Regenerative Spine Care, Shockwave Therapy, and Sciatica Relief

Chronic back pain and sciatica can change the way a person lives. Pain can make it hard to sit, walk, work, sleep, drive, exercise, or enjoy time with family. Some patients feel sharp pain down the leg. Others experience burning, numbness, tingling, weakness, or sensitivity to deep pressure in the low back.

Many people try rest, pain medicine, stretching, or steroid injections. These treatments may help for a short time. But when pain keeps coming back, the real question becomes: Why is the tissue not healing?

That is where regenerative spine care may help.

At ChiroMed Integrated Medicine in El Paso, Texas, the care model focuses on the whole patient. The goal is not only to reduce pain. The goal is to understand the spine, nerves, joints, muscles, inflammation, movement, and whole-body health factors that may be slowing recovery.

Regenerative therapies, epidural spinal injections, and shockwave therapy may work together as part of a careful treatment plan. These options may help calm nerve inflammation, support tissue repair, improve blood flow, and help patients move with less pain.

Understanding Chronic Back Pain and Sciatica

Sciatica happens when a nerve in the low back becomes irritated, inflamed, or compressed. This may cause pain that travels from the low back into the buttock, hip, leg, calf, or foot.

Common causes may include:

  • Herniated discs
  • Bulging discs
  • Degenerative disc disease
  • Facet joint arthritis
  • Spinal stenosis
  • Ligament injury
  • Muscle guarding
  • Scar tissue
  • Nerve inflammation after an accident

Sciatica is often more than one problem. A patient may have a disc injury, limited spinal motion, weak core muscles, inflammation, and nerve irritation simultaneously. This is why a simple pain-blocking plan may not be enough.

A better plan asks, “What structure is irritated, and what does the body need to heal?”

What Regenerative Spine Care Means

Regenerative medicine uses the body’s own healing tools to support repair. Treatments such as platelet-rich plasma (PRP), plasma-based products like PFP, and microfragmented adipose tissue (MFAT) are designed to help damaged tissues recover.

The University of Iowa Health Care explains that regenerative medicine may use a patient’s own cells or cellular parts. These materials are collected, concentrated, and placed into the painful or injured area. The goal is to reduce inflammation and help repair damaged tissue (University of Iowa Health Care, n.d.).

For spine pain, regenerative therapies may be considered for selected patients with:

  • Disc-related pain
  • Annular tears
  • Facet joint irritation
  • Ligament injury
  • Chronic soft tissue injury
  • Tendon or muscle problems
  • Nerve irritation linked to inflammation

These treatments are not a quick fix. They are designed to support a healing response over time.
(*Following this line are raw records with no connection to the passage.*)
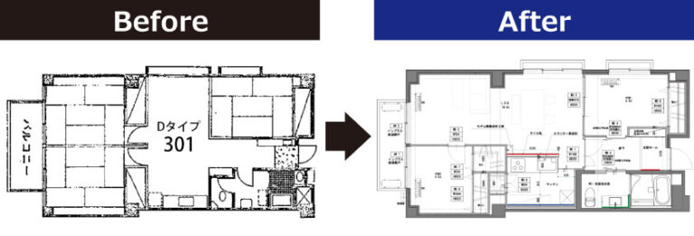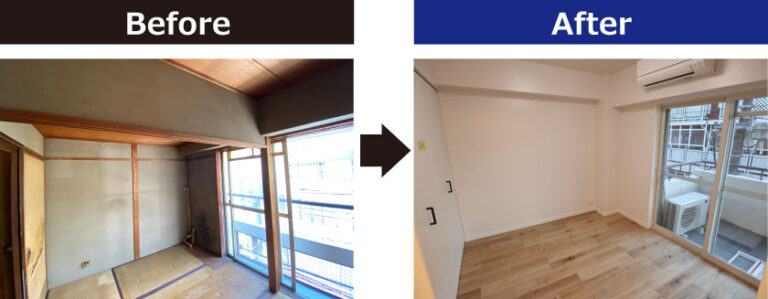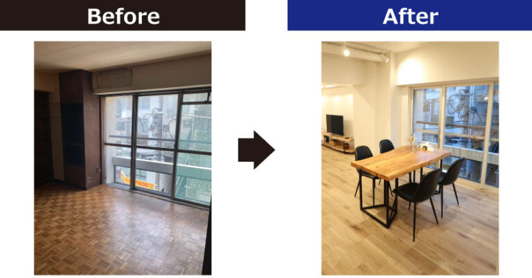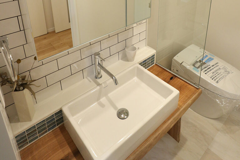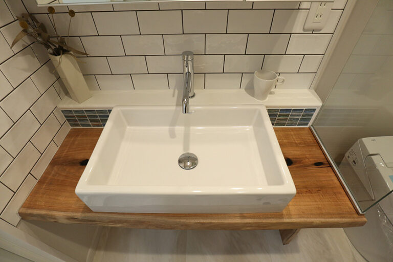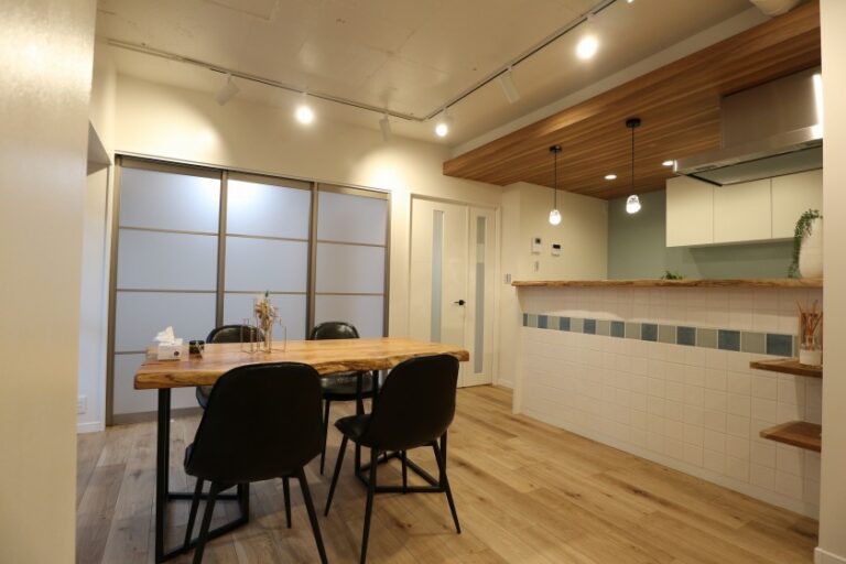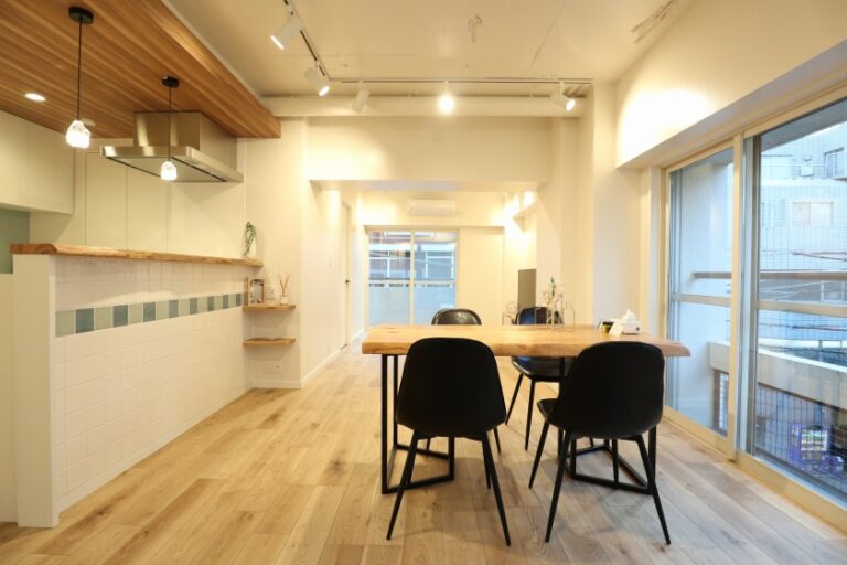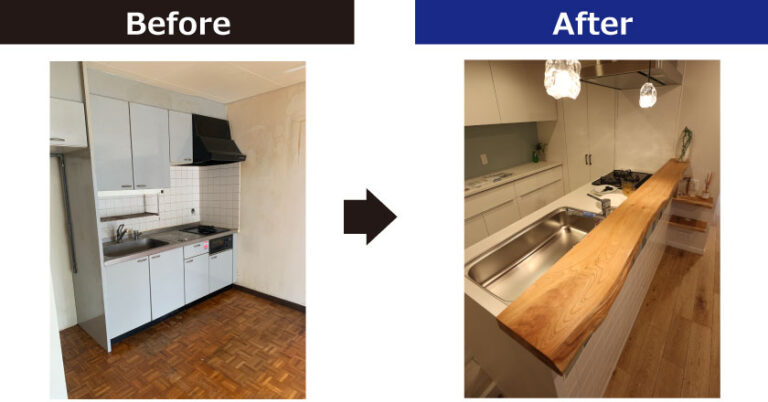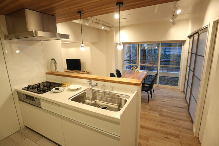 2021年フルリノベーション実施。「原木屋」の天然木の風合いを味わえる一枚板を「カウンター」と「洗面台」で使用しました。RCと建物としてのポテンシャルを最大限引き出すべく、2LDKからウォークインクローゼットを確保した1LDKへフルリニューアル。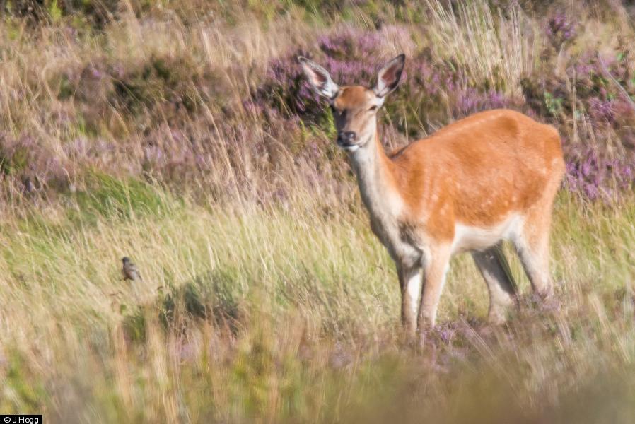 Long-tailed Tit - 10 ; Wheatear - 1 ; Curlew - 3 ; 324 - 3 - Red Deer - 2 adults and fawn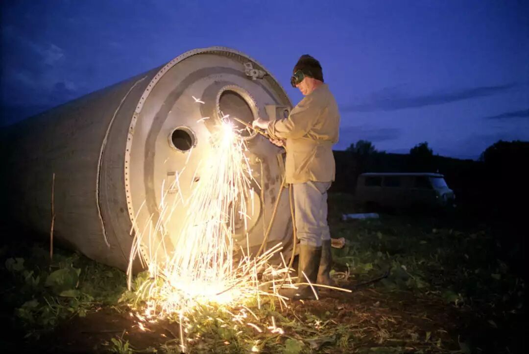 当地一位居民正在切割火箭残骸,以售卖其中的高级钛合金。图源:乔纳斯·本迪克森/玛格南图片社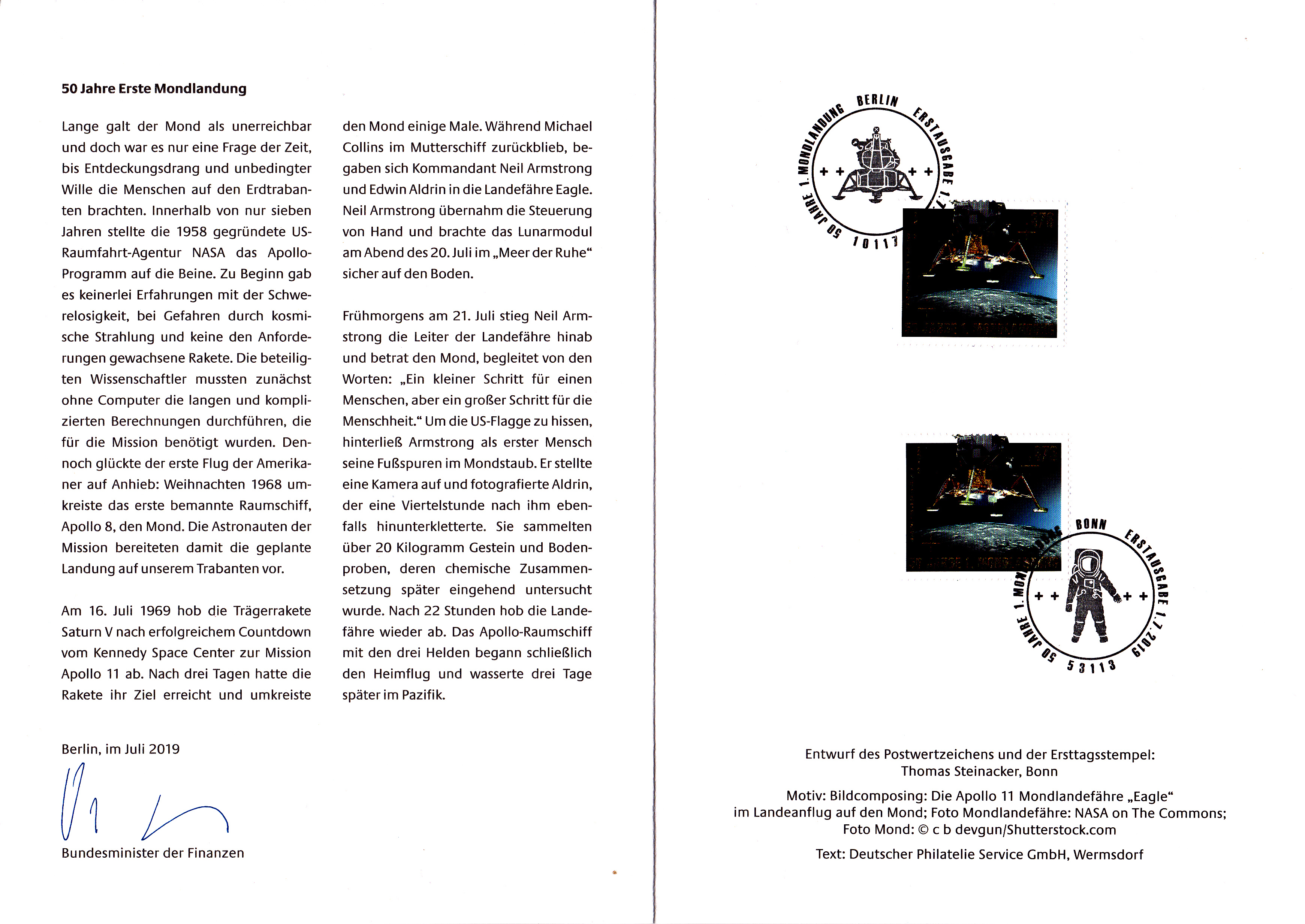 Ministerkarte des Finanzministers mit zwei Marken zum "50. Jahrestag der ersten bemannten Mondlandung" (MiNr 3479) mit den beiden Ersttagsonderstempel Bonn und Berlin.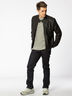 Детали: воротник-стойка, длинный рукав, спереди застежка на молнию и пуговицу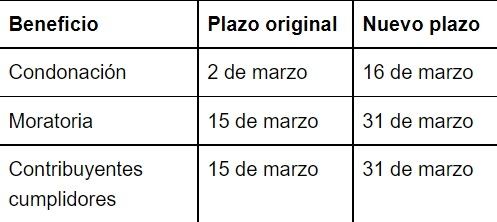 La Administración Federal de Ingresos Públicos (AFIP) otorga más tiempo para que los contribuyentes puedan acceder a los beneficios previstos en la ley de Alivio Fiscal. La solicitud para la condonación de deudas inferiores a $100.000 podrá realizarse hasta el 16 de marzo, mientras que la adhesión a la moratoria y los beneficios para contribuyentes cumplidores se extienden hasta el 31 de marzo.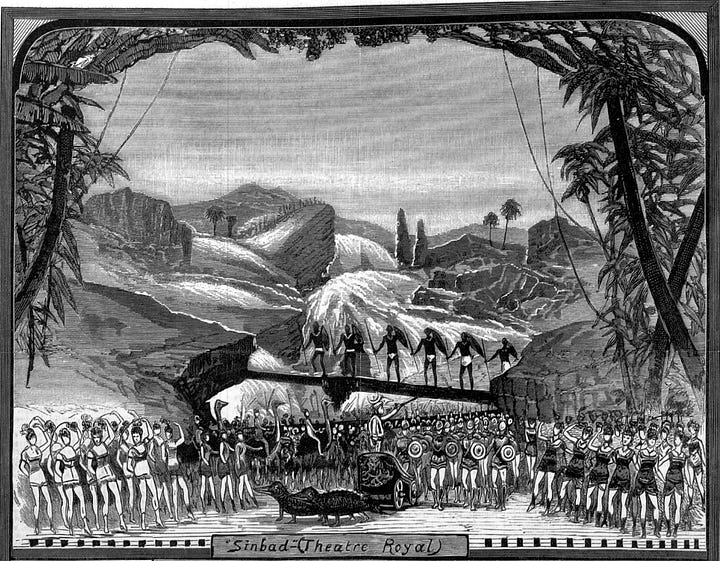 Pantomime scenery wasn’t just beautiful; it was topical. As J. C Williamson was the largest producer of Australian pantomime between 1879 and 1914, his productions showed local scenes as closely aligned with belonging to an Anglo-Saxondom: audiences viewing Williamson’s first pantomime production, Jack and the Beanstalk (1882/83), viewed a “Grand Panorama Of The Egyptian War,” concluding with the bombardment of Alexandria and the landing of British troops. In Ali Baba and the Forty Thieves (1892) audiences saw a staging of “The Triple Alliance and Federation of English Speakers,” featuring a “Grand National Federation Finale” where Britannia, America, and Australia pledged mutual support.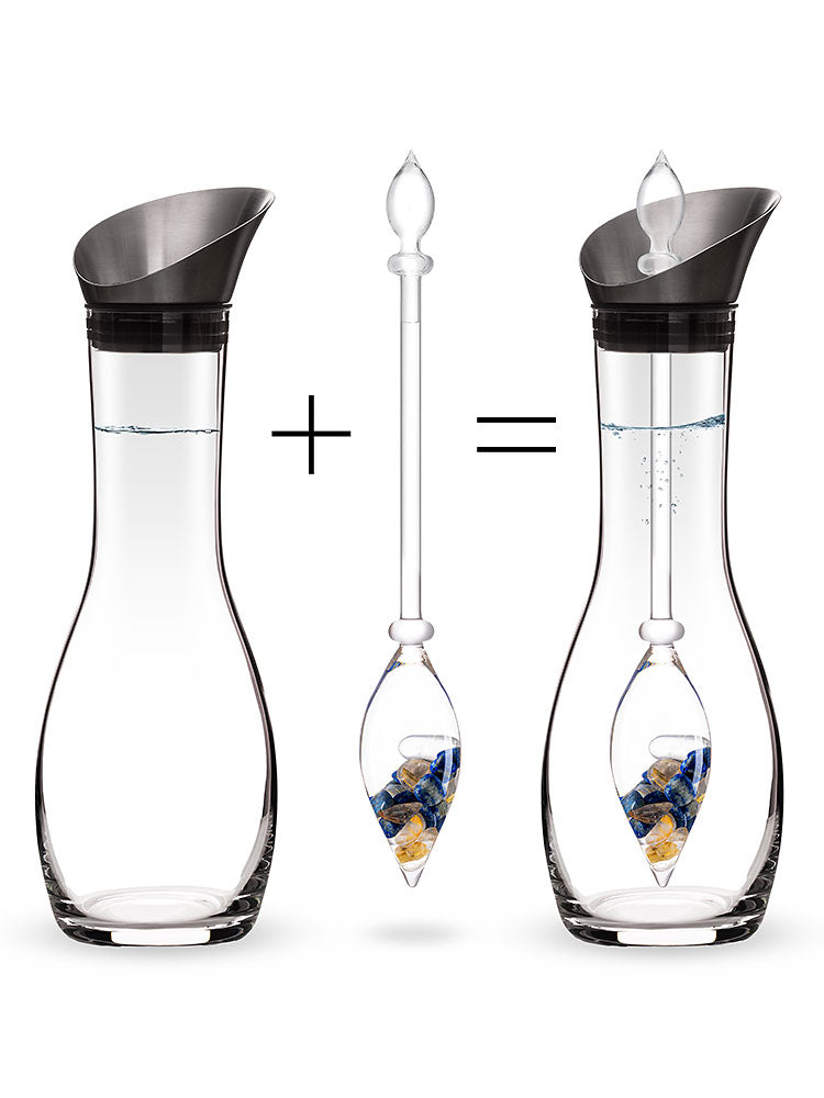 Dieses exklusive Set aus einem mundgeblasenen Edelsteinstab und einer eleganten Glaskaraffe lädt dazu ein, dein Wasser auf besondere Weise zu veredeln.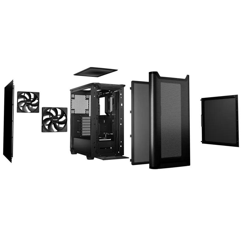 - BE QUIET! PURE BASE 501 AIRFLOW BLACK. FORM FACTOR: MIDI TOWER, TYPE: PC, PRODUCT COLOUR: BLACK. SUPPORTED POWER SUPPLY FORM FACTORS: ATX, PS2. FRONT FANS INSTALLED: 1X 140 MM, FRONT FANS DIAMETERS SUPPORTED: 120,140 MM, REAR FANS INSTALLED: 1X 140 MM. SU

PRP: Platelet-Rich Plasma for Healing Support

PRP is made from a patient’s own blood. A small blood sample is drawn and placed in a centrifuge. This machine separates the blood into parts and concentrates the platelets.

Platelets are important because they contain growth factors. These growth factors act like repair signals. They help the body know where healing is needed.

PRP may support:

  • Tissue repair
  • Lower inflammation
  • Improved healing signals
  • Better function in injured tissues
  • Reduced reliance on pain-masking treatments

Hospital for Special Surgery explains that PRP is used to treat several orthopedic conditions, including tendon, ligament, muscle, bone, and joint conditions (Hospital for Special Surgery, 2024).

In spine care, PRP may be used in carefully selected cases where damaged soft tissues, spinal ligaments, or joint structures contribute to the pain pattern.

PFP and Plasma-Based Therapies

PFP and related plasma-based therapies may also be used in regenerative care. These products may contain growth factors, fibrin, or plasma components that help support tissue repair.

Some providers use these approaches when the goal is to calm inflammation and support healing without relying only on corticosteroids. In some regenerative spine protocols, platelet lysate may be used near irritated nerves. Platelet lysate is produced by releasing growth factors from platelets, allowing them to act more quickly in inflamed tissues (iRehabMed, 2023).

Research in this area is still growing. Patients should always be carefully evaluated to determine whether they are good candidates.

MFAT: Microfragmented Adipose Tissue

MFAT uses a patient’s own fat tissue. A small amount of fat is collected, processed, and prepared for injection into the target area.

MFAT may provide two types of support:

  • Biological signaling to help with healing
  • Structural support, sometimes described as a natural cushioning or scaffold effect

University of Iowa Health Care notes that MFAT uses fat cells from areas such as the abdomen, low back, or thigh. It may be helpful in arthritic joints and tendon injuries because it can cushion and support damaged tissue (University of Iowa Health Care, n.d.).

For spine care, MFAT may be considered when connective tissue support, ligament injury, or degenerative joint problems are part of the clinical picture.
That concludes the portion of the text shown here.